As indicated by the recent literature, there has been a rising fascination with employing deep learning technologies to diagnose skin cancer, driven by notable advancements in these technologies. Deep learning’s ability to process large datasets and recognize patterns has significantly impacted the diagnosis of high-risk diseases like skin cancer. Although these models used for skin cancer detection have demonstrated impressive results across various datasets, they often exhibit shortcomings in generalization, computational efficiency, detection of small lesions, scalability, and interpretability. Additionally, many proposed models have been evaluated on small datasets, and even studies using comprehensive datasets like ISIC 2019 often resort to binary splits such as train-val or train-test, which increases the risk of overfitting. This approach compromises the models’ performance on unseen test datasets, indicating a lack of generalization capability and effectiveness. Our study, however, considers the train-val-test split and focuses on performance on unseen test data, highlighting the need for a new model that addresses these deficiencies. This model utilizes hybrid shifted windows and switched GLU-based MLP for better detection of small and subtle lesions and reduces computational demands, making it more effective in clinical settings. Consequently, our proposed model not only exhibits high generalization capabilities but also implements the most advanced standards for deep learning models, offering an efficient methodology and performance.

Method and Materials

Dataset

In this study, we employed the ISIC 2019 dataset [2], which was specifically developed for the classification of skin lesions using deep learning models.
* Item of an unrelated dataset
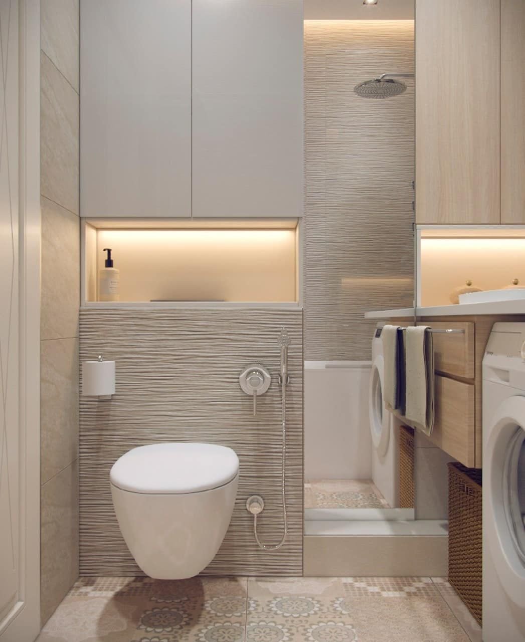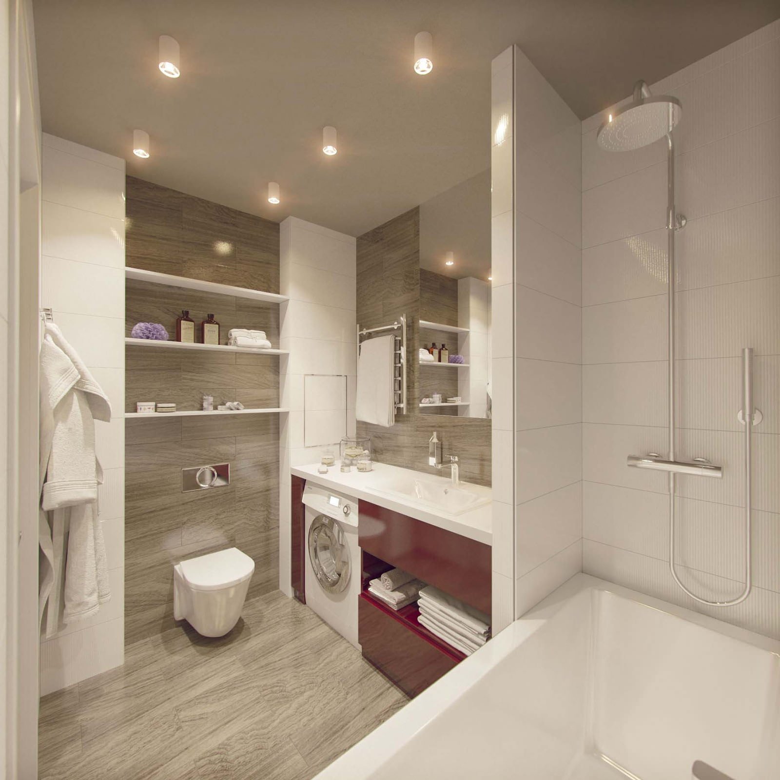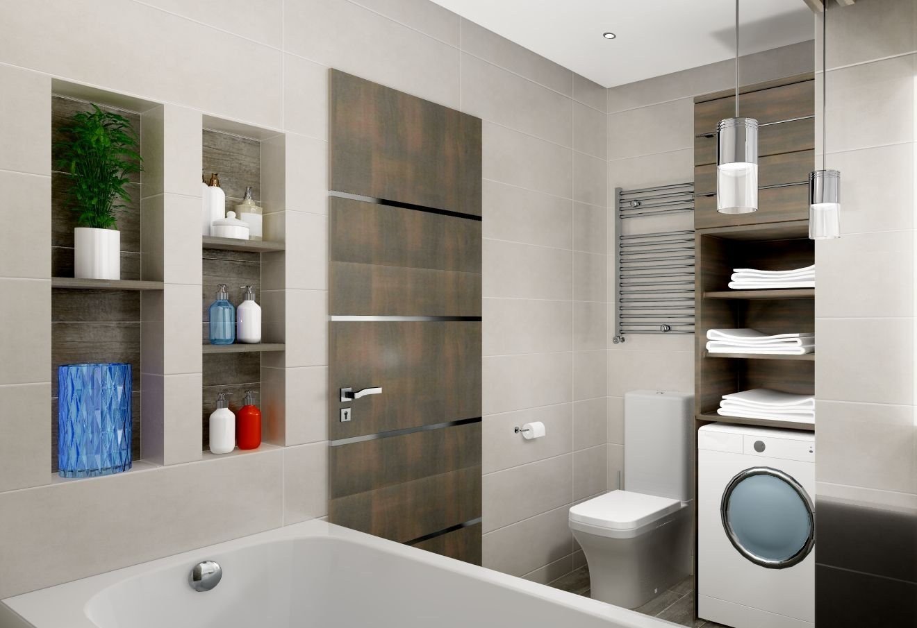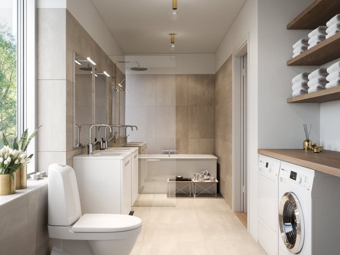 Современная ванная со стиральной машиной

This comprehensive dataset encompasses a total of 25,331 dermatoscopic images spread across eight diagnostic categories: melanoma (MEL) with 4522 images, melanocytic nevus (NV) with 253 images, basal cell carcinoma (BCC) with 3323 images, actinic keratosis (AK) with 867 images, benign keratosis (BKL) with 2624 images, dermatofibroma (DF) with 239 images, vascular lesion (VASC) with 12,875 images, and squamous cell carcinoma (SCC) with 628 images. To enhance the model’s ability to generalize across various skin lesions, all images from each category were utilized, enriching the diversity of examples the model was trained on. However, it is important to note that the dataset predominantly consists of images from patients with lighter skin types, reflecting the demographic characteristics of the regions where the data was collected. This demographic feature is a crucial aspect that could influence the model’s performance and its generalizability to other skin types. Figure 1 displays sample images based on classes from the ISIC 2019 dataset.

Fig. 1
figure 1

Sample images from ISIC 2019 skin lesion dataset

Proposed Model

Our proposed approach for effectively diagnosing skin cancer involves tailoring the Swin Transformer architecture specifically for this purpose, as it belongs to the latest vision transformer–based frameworks. The Swin Transformer, a novel architecture developed by Microsoft, introduces a hierarchical transformer whose representation is computed with shifted windows. This structure facilitates efficient model scaling and adapts more flexibly to various image sizes. By utilizing small non-overlapping local windows and shifting these windows between consecutive self-attention layers, the Swin Transformer reduces computational complexity and enhances the model’s ability to capture long-range interactions between image patches. The Swin Transformer architecture is analyzed in four stages. Initially, the input image (H × W × 3) is divided into patches, resembling ViT. Each patch, referred to as a “token,” is subjected to dimensionality compression and processed through transformer blocks that form its core structure. These patches retain their initial count and are directed to a transition block. Following this, patch merging layers organize tokens into a hierarchical format, decreasing their number while increasing the dimensions of the output. The Swin Transformer blocks preserve the resolution, repeating this sequence across multiple stages to produce different output resolutions. Initially, STBs incorporate two consecutive MSA modules: the W-MSA and the SW-MSA, each preceded by an LayerNorm (LN) layer. Following this, the architecture applies a two-layer MLP featuring a GELU non-linearity. Each of these modules reconnects to the LN layer. According to the equations presented as Eqs. 1 and 2, the MSA demonstrates quadratic computational complexity in relation to the number of tokens. However, this complexity reduces to linear when the window size M remains fixed, typically at 7. This design enhances the Swin Transformer’s performance, making it more efficient than the traditional Transformer model.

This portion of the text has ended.